Aim of the task: Extract the opening line of the entries and every line after it, stopping at and including the line that contains "Kamis, 15 Februari". Do not include pictures.

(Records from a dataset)
##########

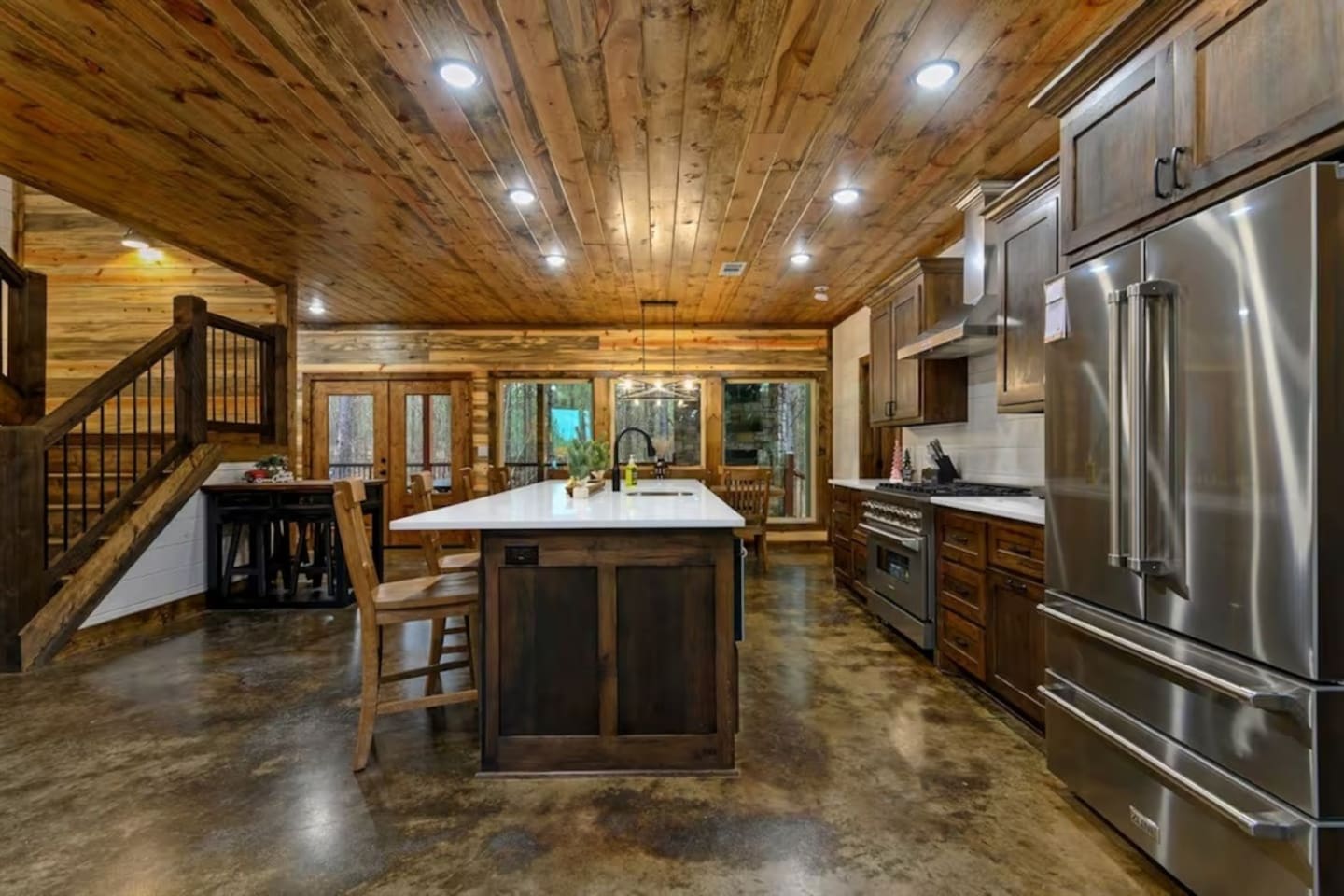 👨👩👧👦 With space for up to 24 guests, this 5-bedroom retreat blends rustic charm with upscale finishes.
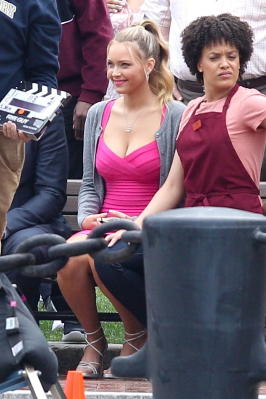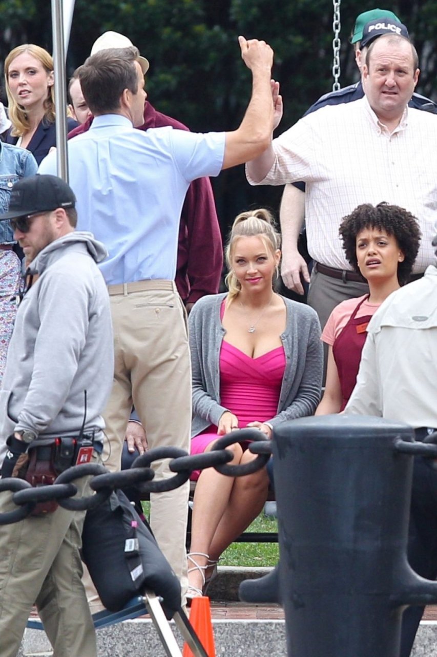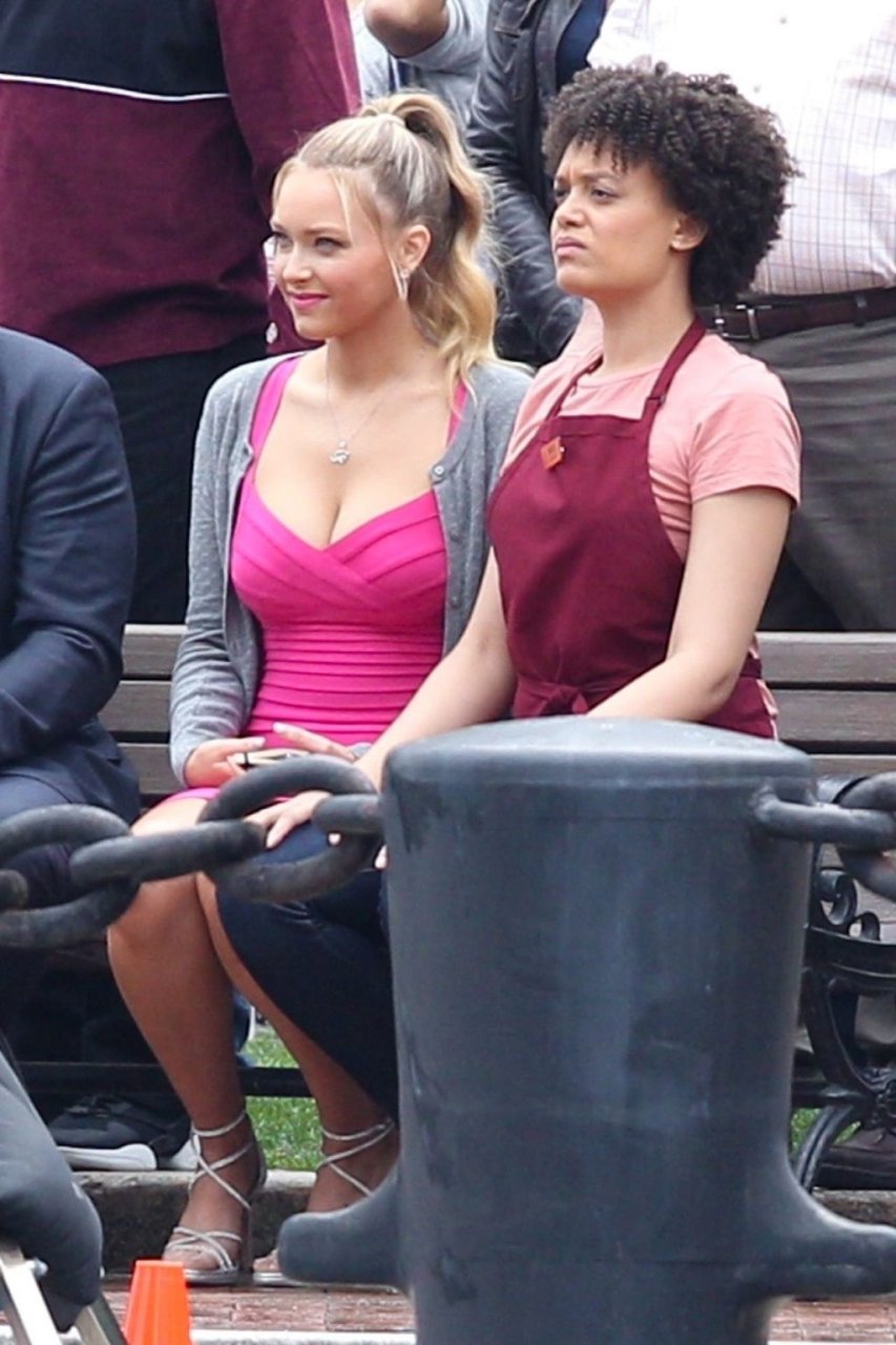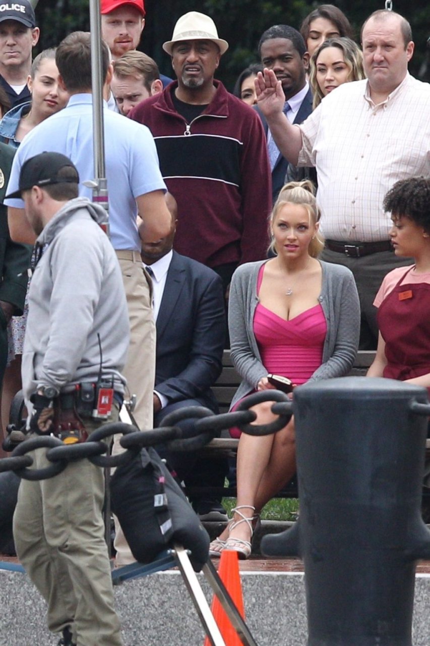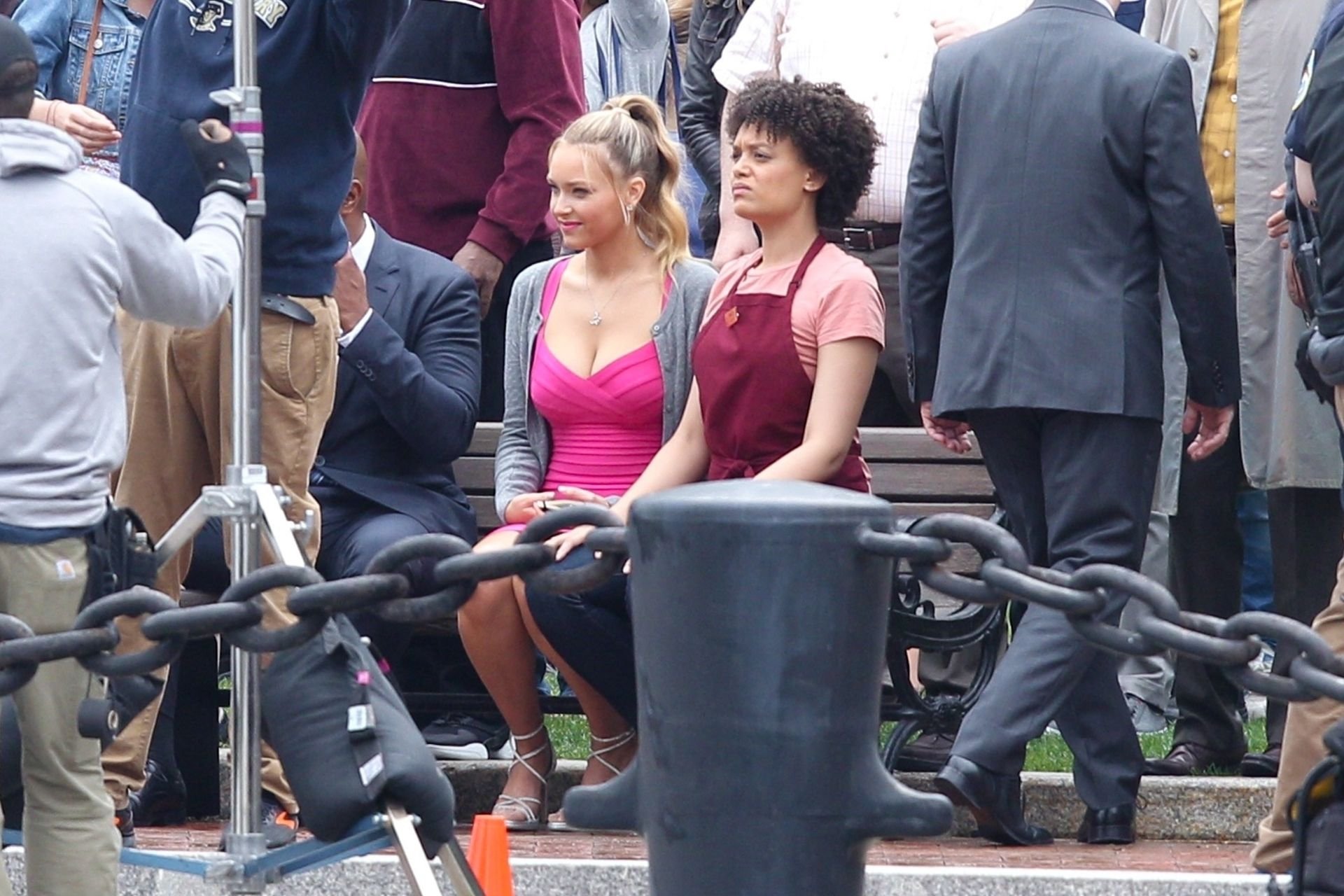 La couverture Sports Illustrated Swimsuit et petite amie de Rob Gronkowski, Camille Kostek, a fait une démonstration voluptueuse sur le plateau de “Free Guy” avec Ryan Reynolds à Boston, le 31/05/2019.
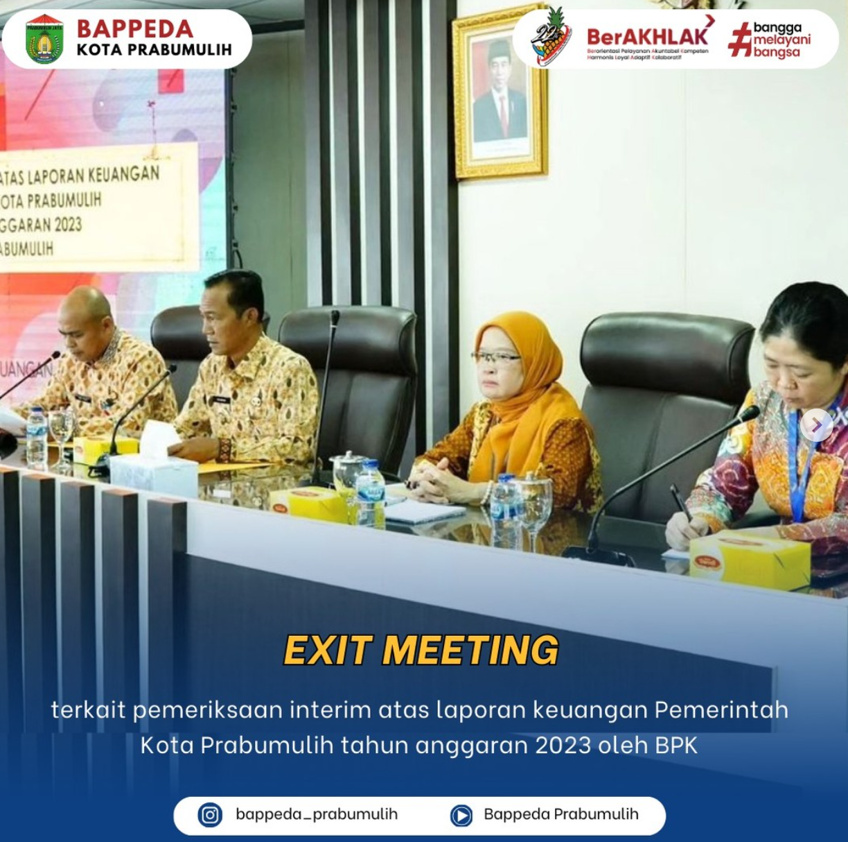 Kamis, 15 Februari 2024 Kepala BAPPEDA Kota Prabumulih, Ir. Abu Sohib, M.Si. menghadiri exit meeting terkait pemeriksaan interim atas laporan
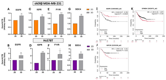 Gene expression analysis of EGFR, IGF1R, F11R, and SDC4 in shERβ MDA-MB-231 and Hs578T BC cell lines cultured in 2D monolayers and 3D spheroids. (A–H) Real-time qPCR results show that EGFR, IGFR (IGF1R), F11R (JAM-A), and SDC4 are significantly upregulated under 3D culture conditions compared to 2D in both cell lines. Orange bars represent shERβ MDA-MB-231, while purple bars represent Hs578T cells. Bars indicate mean ± SD from triplicate experiments. Each bar indicates the mean ± SD from triplicate experiments. Asterisks denote statistically significant differences between 2D and 3D conditions: (*) p < 0.05, (**) p < 0.01, and (***) p < 0.001, as determined by Student’s t-test. (I–K) Kaplan–Meier survival plots from TNBC patient datasets show that high EGFR expression is significantly associated with improved relapse-free survival (RFS) (HR = 0.46, p = 0.0029), while F11R (JAM-A) is not significantly associated with outcome (HR = 0.81, p = 0.17). In contrast, IGF1R expression correlates with worse RFS (IGF1R: HR = 1.96, p = 0.01), highlighting its potential prognostic relevance.
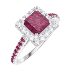 Ring Weißgold 375/-(9Kt) - Rubin Prinzess 0.5 Karat - Halo Diamant - Fassung Rubin
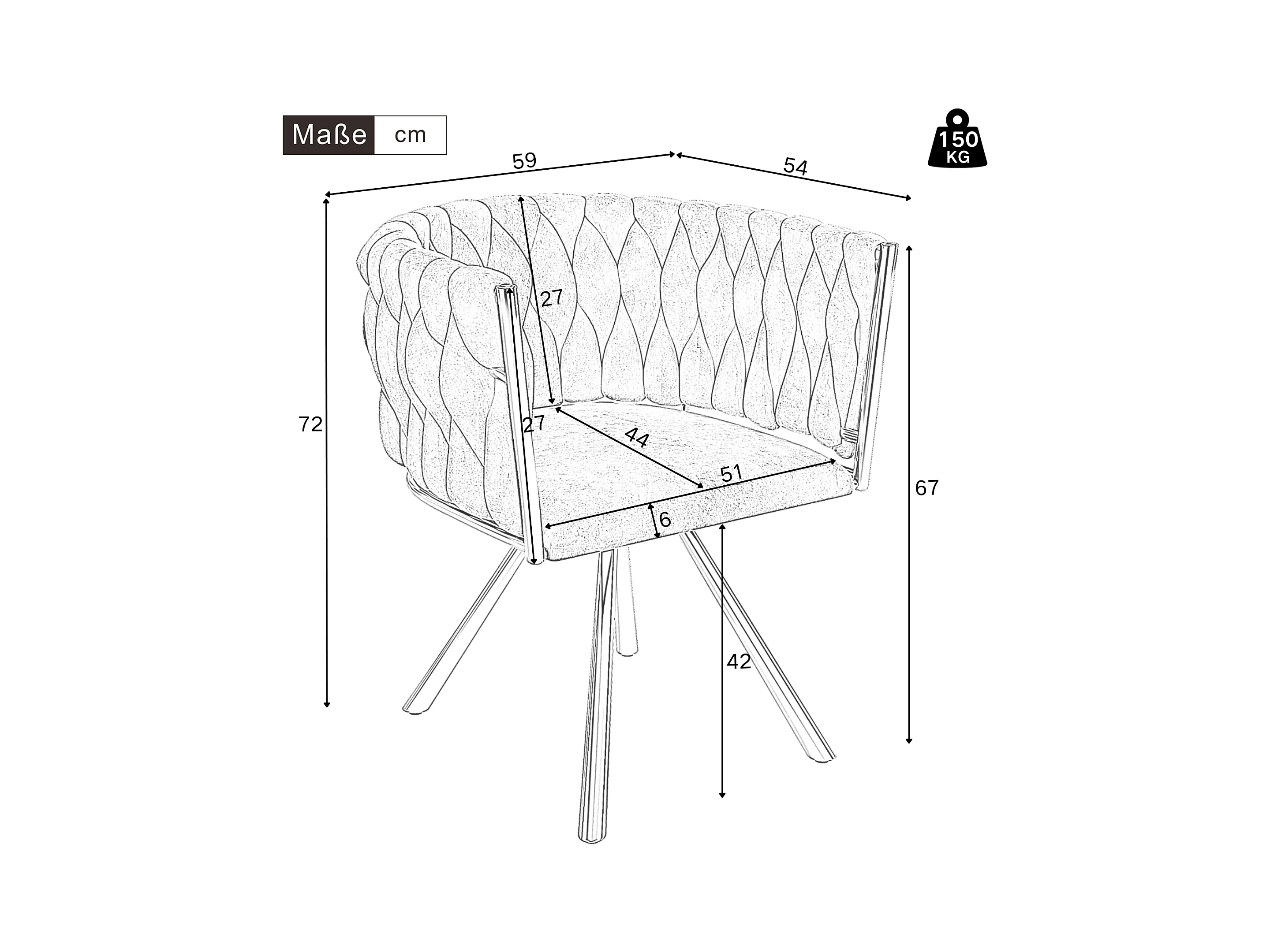 Set di 4 sedie girevoli in velluto - 72 x 44 x 59 cm - Soggiorno e camera da letto - Quattro gambe in metallo argentato - Beige

##########

Answer box:
 👨👩👧👦 With space for up to 24 guests, this 5-bedroom retreat blends rustic charm with upscale finishes.
 La couverture Sports Illustrated Swimsuit et petite amie de Rob Gronkowski, Camille Kostek, a fait une démonstration voluptueuse sur le plateau de “Free Guy” avec Ryan Reynolds à Boston, le 31/05/2019.
 Kamis, 15 Februari 2024 Kepala BAPPEDA Kota Prabumulih, Ir. Abu Sohib, M.Si. menghadiri exit meeting terkait pemeriksaan interim atas laporan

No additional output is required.